Повлияло ли на вас какое-либо направление в социальной теории?
Одно время я был вовлечен в структурный функционализм. Года полтора-два довольно много читал Парсонса и другие работы, связанные с этим направлением (Леви, Шилз, Беллах, Айзенштадт, французские функционалисты, переводчики и интерпретаторы Парсонса). Здесь сказалось сильное влияние Левады, который в своем секторе, еще в ИКСИ, очень много сделал для перевода Парсонса на русский язык. Переводили Галя Беляева, Леонид Седов и другие сотрудники левадовского сектора, вышли два ротапринтных сборника, многое осталось в машинописных томах (часть этого недавно издана в томе «О структуре социального действия», в других книгах). Но мое отношение к структурному функционализму было скорее отстраненное. Чем больше читал, тем больше меня это охлаждало. Самую общую рамку, идею социального института, идею выраженности функции в структурных формах, я примерно уяснил, и это нашло явное выражение в нашей с Гудковым работе по социологии литературы. Во всяком случае, литература рассматривалась нами именно как социальный институт. Приходилось кое-что читать и по феноменологической социологии, прежде всего Альфреда Шютца, это иногда было очень остроумно, но в целом меня совсем не привлекало. Очень много я читал по социальной и культурной антропологии — от Малиновского и Редфилда до Виктора Тернера и Клиффорда Гирца, по «антропологии современной жизни» — французских постструктуралистов Оже, Маффезоли, «Систему вещей» Бодрийяра. У Гирца в культурной антропологии имеется постановка чрезвычайно интересной проблемы — бытование пластов традиционных верований в модерной ситуации (а проблема модерности, как и контрмодернизации, меня всегда интересовала и с годами интересует все больше). Индонезийский таксист работает в огромном современном городе, но каждое утро ставит под капот машины блюдечко с рисом, потому что надо принести жертву богу. В известном смысле все мы живем в таком мире. Мне казалось, в культурной антропологии открывается необычная, но важная для социологии культуры проблематика и оттуда можно кое-что «потянуть». Оказывается, не так уж много. Поскольку я никогда систематически не учился социологии, то брал отовсюду — в одном месте, в другом, как многие мои сверстники и коллеги. У некоторых из нас есть последовательная, твердая школа.
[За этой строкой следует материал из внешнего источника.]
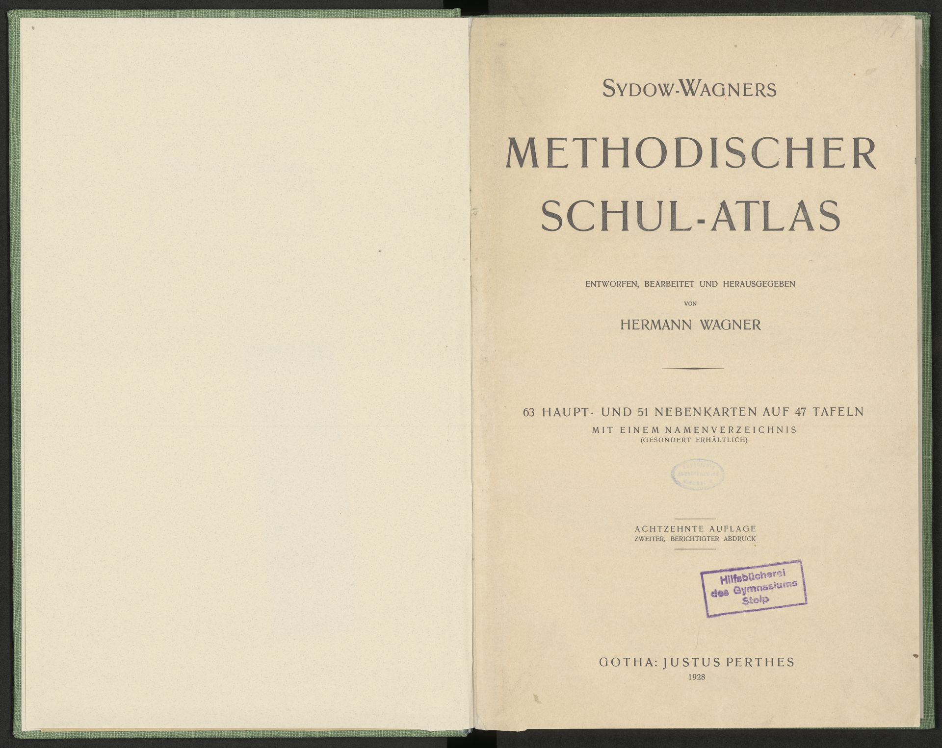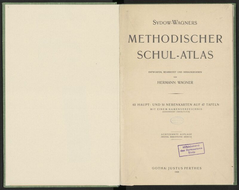 Sydow-Wagners Methodischer Schul-Atlas : 63 Haupt- und 51 Nebenkarten auf 47 Tafeln mit einem Namenverzeichnis / entworfen, bearb. und hrsg. von Hermann Wagner - strona tytułowa z fioletową prostokątną pieczątką: Hilfsbücherei des Gymnasiums Stolp

Вот Гудков: он собственными силами, да еще в глухие годы, от начала до конца прошел неокантианскую социологию. У меня же более эклектическая, более любительская картинка…
Не возникало ли желания бросить это все и уехать подальше?
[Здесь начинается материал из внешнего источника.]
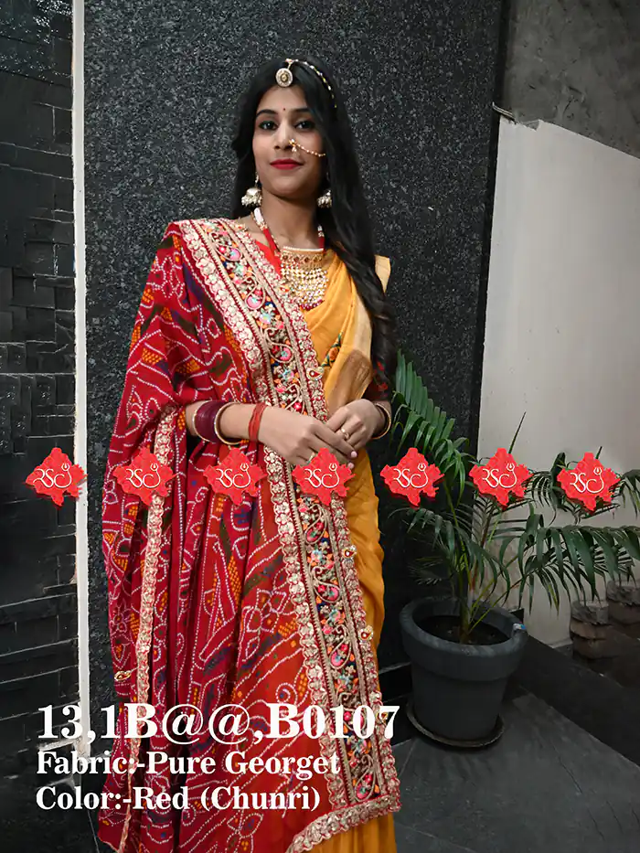 This unique Pure Georgette Red Bandhej pattern Marwari Viscose Rajasthani Designer Chunri Embroidered with gotta work. it is also known as Marwari Viscose Rajasthani Chunri Odhna Dupatta.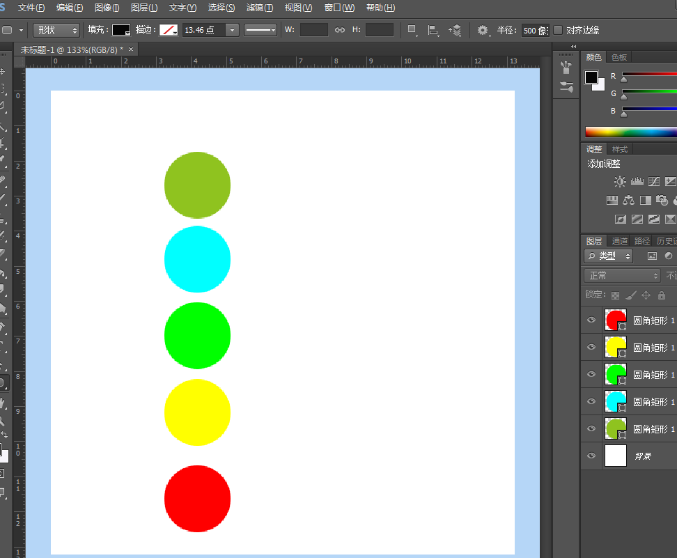 我们打开PS用椭圆工具画出几个圆,我们会往里面填充颜色,任意颜色就好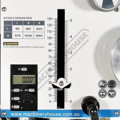 The quill movement is also coupled to a digital depth counter mounted on the face of the machine for convenience and allows you to achieve accurate drilling or milling depths. Tilting the head can be also measured accurately via the digital head gauge mounted on the right side of the mill head.

Нет. Хотя иногда складывались какие-то странные ситуации, связанные с работой за границей. Жизнь вообще протекала странно, на нескольких этажах одновременно. Как-то раз, в середине 70-х, был фантастический план у моих старших друзей и коллег вырастить из меня переводчика-унгариста, то есть заслать меня на несколько лет в Венгрию — учиться венгерскому языку и культуре, чтобы потом я приехал в Советский Союз и на хорошем, качественном уровне переводил бы венгерскую словесность. Но, поскольку все системы были бюрократизированы, надо было решать этот вопрос через Союз писателей, а Союз писателей меня не знал и знать не хотел. Это с одной стороны, а с другой стороны, он имел своих молодых функционеров, которые туда и поехали за милую душу. Что они там делали, не переводя ни строчки с венгерского, как говорится, не нашего ума дело, но поехать поехали. В общем, могла быть и такая — заграничная — карьера…
Был и другой эпизод. На последнем курсе университета пришли «купцы» — люди из радиокомитета. Смотрели, не подойдем ли мы в качестве дикторов для передач на зарубежные страны. Я попробовался по югославской линии и подошел, они были готовы заслать меня в Югославию поучиться года два, чтобы потом вещать отсюда, из Союза, на Югославию. Опять-таки на каком-то бюрократическом уровне это оборвалось. Так что в принципе более или менее длительные выезды на границу могли быть. Но желания, что называется, бросить и уехать никогда не было. Жена сильно уговаривала меня — не уговорила. А потом одно время радовалась: «Хорошо, что не уехали». А теперь опять: «Эх, не уехали, я тебе говорила».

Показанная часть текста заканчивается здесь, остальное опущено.